The poem contrasts the hero's impressions generated by the end of a fine day and the night that replaced the spring evening. The first quatrains reproduce a lively picture of city life: its dominant feature is the acoustic image of indistinct noise into which various sounds merge. The image symbolizes a multifaceted life, characterized by the lexeme “gracious” - an evaluative epithet with positive semantics. The uniform hum has a calming effect on the hero-observer, plunging him into slumber.

A pause in the lyrical narrative, caused by sleep, serves as a device that emphasizes the contrast between day and night sketches. The subject of speech, waking up from sleep, characterizes his state with the adverb “strange.” The assessment is illustrated by a number of antithetical pairs: the noise gave way to silence, the “lush-golden” daylight shine - to the mysterious “kingdom of shadows”, where twilight and uncertain dim light reign.

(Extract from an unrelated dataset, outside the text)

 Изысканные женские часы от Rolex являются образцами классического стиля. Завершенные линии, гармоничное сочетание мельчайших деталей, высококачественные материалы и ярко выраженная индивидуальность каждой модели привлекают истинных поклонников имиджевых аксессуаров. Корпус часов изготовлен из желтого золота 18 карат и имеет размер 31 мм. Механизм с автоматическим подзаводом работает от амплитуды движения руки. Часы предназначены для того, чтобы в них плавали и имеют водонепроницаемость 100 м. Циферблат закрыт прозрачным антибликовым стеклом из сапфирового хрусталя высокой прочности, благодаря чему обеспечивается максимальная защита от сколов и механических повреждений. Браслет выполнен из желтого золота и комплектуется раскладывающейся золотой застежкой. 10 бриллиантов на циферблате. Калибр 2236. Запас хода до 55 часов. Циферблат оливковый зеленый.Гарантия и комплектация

The unusual sight fascinates the awakened person: he follows the moving silhouettes and the dim “half-asleep” shine of the night lights. The pale moon deserves special mention. The main images that make up the mysterious landscape are personified: it seems to the observer that the night luminary is furtively spying on him, and the shadows and reflections are endowed with the property of moving.

The varied impressions caused by the rapid change of time of day are summed up in the ending. The appearance of contrasting episodes witnessed by the subject of speech is explained by the will of an unearthly force - a kind genius endowed with a pacifying, calming gift.

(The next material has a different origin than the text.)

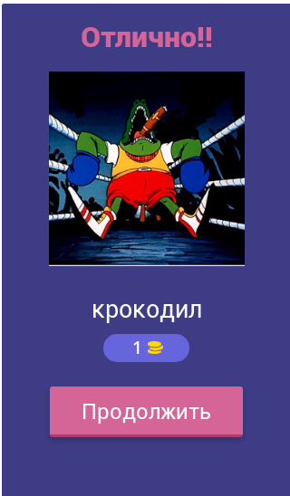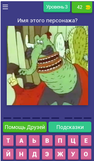 В приложение встроена система подсказок. Если не сможете вспомнить название мультипликационного героя, то смело пользуйтесь этой функцией. Она поможет пройти эту викторину до самого конца.

In 1851, the magazine “Moskvityanin” published Fyodor Ivanovich Tyutchev’s poem “The Merry Day Was Still Noisy.” For a long time(almost 22 years!) his unfinished manuscript lay unattended in the poet’s papers. And only in the middle of the 19th century was the publishing fate of the poem decided. The poet modestly signed it: T-v. But readers and critics immediately recognized Tyutchev’s talented hand. According to Tynyanov, this is one of Tyutchev’s “just in case” poems.

It is quite difficult to determine a clear theme of the poem, since many motifs are intertwined in the lines:

  • the inevitable change of day and night, noise and silence;
  • filling the heart with vital energy and peaceful solitude;
  • spiritual connection between nature and man;
  • collision of the real and the mysterious.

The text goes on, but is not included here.